Data Source Diff allows you to compare entire data sources or specific tables between different database instances. This is particularly useful for validating data migrations or ensuring consistency across environments.


Key Features

  • Bulk Comparison: Compare multiple tables in one operation
  • Filtering Options: Apply filters to focus on specific subsets of data
  • Summary Diff: Get a high-level summary of differences between source and target
  • Meta Diff: Compare table structures and metadata across data sources
  • Data Diff: Verify row-level data consistency between source and target
  • Export Diff Report: Export results as PDF/CSV/JSON for sharing or further analysis

Video Demonstration


How to Use SmartDiff Data Source Diff

Step 1: Access SmartDiff

  • Select Smart Diff from the left panel
  • Click Workflow to view workflow history

Step 2: Create New Diff Workflow

  • Click CREATE DIFF
  • By default, DATA SOURCE DIFF is selected
  • Choose Source and Target data sources (can be the same or different)
  • Click Next

Step 3: Select Items

On this page, you select the items to compare.
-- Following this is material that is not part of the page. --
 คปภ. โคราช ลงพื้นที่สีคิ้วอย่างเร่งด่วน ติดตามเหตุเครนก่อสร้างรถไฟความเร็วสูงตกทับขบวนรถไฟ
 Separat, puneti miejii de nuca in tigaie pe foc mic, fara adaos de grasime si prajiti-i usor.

Options available:

FeatureDescription
AUTO MAPAutomatically maps items based on similarity. Low-similarity items are skipped.
Transform & FilteringApply transformations or exclude specific columns (e.g., exclude timestamp columns for better accuracy).
SmartDiff ConfigurationConfigure settings: enable/disable summary diff, choose summary type (count or range), set batch size, enable parallel/sequential execution, and define storage (S3/Azure Blob).
Filter ColumnsExclude unnecessary columns or define custom keys for comparison.
SCHEDULE (Coming Soon)Schedule diffs to run at specific times to reduce system load.

Once ready:

  • Review items from both source and target (schemas, tables, etc.)
  • Map corresponding items
  • Click Next

Step 4: Configure Key Column

note

If a primary key exists, this step is skipped.
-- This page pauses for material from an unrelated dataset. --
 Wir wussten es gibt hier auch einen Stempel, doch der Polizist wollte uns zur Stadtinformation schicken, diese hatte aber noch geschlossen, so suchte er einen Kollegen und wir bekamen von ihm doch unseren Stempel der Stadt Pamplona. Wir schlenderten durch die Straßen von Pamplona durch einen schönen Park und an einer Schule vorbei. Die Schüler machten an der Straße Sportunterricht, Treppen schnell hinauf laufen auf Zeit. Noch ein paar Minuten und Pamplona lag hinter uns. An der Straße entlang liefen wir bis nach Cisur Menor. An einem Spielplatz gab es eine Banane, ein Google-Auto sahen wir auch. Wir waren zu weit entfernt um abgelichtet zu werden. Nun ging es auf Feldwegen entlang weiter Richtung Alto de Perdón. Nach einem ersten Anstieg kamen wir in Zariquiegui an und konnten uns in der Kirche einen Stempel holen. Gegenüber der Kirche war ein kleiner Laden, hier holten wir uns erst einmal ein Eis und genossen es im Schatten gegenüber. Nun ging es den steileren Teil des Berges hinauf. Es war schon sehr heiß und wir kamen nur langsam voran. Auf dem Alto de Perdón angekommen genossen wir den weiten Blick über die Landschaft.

  • Select a key column to map records (e.g., ID column for cost tables)
  • Click Proceed

Step 5: Review Results

tip

The diff runs asynchronously. You don’t need to wait — check results once the process finishes.

  • View live progress with completion percentage
  • Click View Diff to explore detailed reports

Step 6: Analyze Detailed Report

Diff Overview

Shows high-level statistics:

  • Diff Columns: Number of columns with differences
  • Diff Rows: Number of rows with differences
  • Same Rows: Number of identical rows
  • Rows in Source: Total rows in source
  • Rows in Target: Total rows in target
  • Missing Rows in Target: Rows present in source but missing in target
  • New Rows in Target: Rows present in target but not in source

Summary View

High-level count differences without full row-by-row comparison:

OptionDescription
ALL DATAShows differences for all columns
ONLY DIFFShows only columns with differences
BY SOURCECompare frequency counts from source to target
BY TARGETCompare frequency counts from target to source
GraphsVisual differences based on column type: • Numeric: Range-based counts • Date: Monthly frequency comparisons • String/Other: Frequency of unique items
ExportExport summary results as CSV/PDF

Meta Diff

Compares metadata (schema and column properties):

  • Column Name: Lists all compared columns
  • Property Name: Metadata property (e.g., datatype, length)
  • Source Value / Target Value: Shows values from each system, highlighting differences in red (source) and green (target)
  • Export: Save metadata diff as CSV/PDF

Data Diff

Row-level data comparison with cluster-based grouping:

FeatureDescription
ClustersRows grouped into clusters (sorted by most differences)
ONLY DIFFShow only rows with differences
ALL DATAShow all rows
Side by Side ViewCompare source vs target in table format (color-coded: red = source diff, green = target diff)
Inline ViewHighlight inline differences between values
Columns to HideHide non-relevant columns
ExportExport data-level diffs as CSV/PDF

Comparison Modes

  • Full Comparison: Compare all rows and columns
  • Sample Comparison: Compare a representative sample (faster, less resource-intensive)
  • Key-based Comparison: Compare based on primary/custom keys

Best Practices

tip
  • Schedule comparisons during off-peak hours for large datasets
  • Use filtering to reduce load and focus on critical data
  • Save configurations for recurring validations
  • Review summary results before checking detailed diffs

Troubleshooting

warning
  • Connection Timeouts: Check network/database connectivity
  • Permission Issues: Ensure read access to required tables
  • Performance Issues: Use sampling for very large tables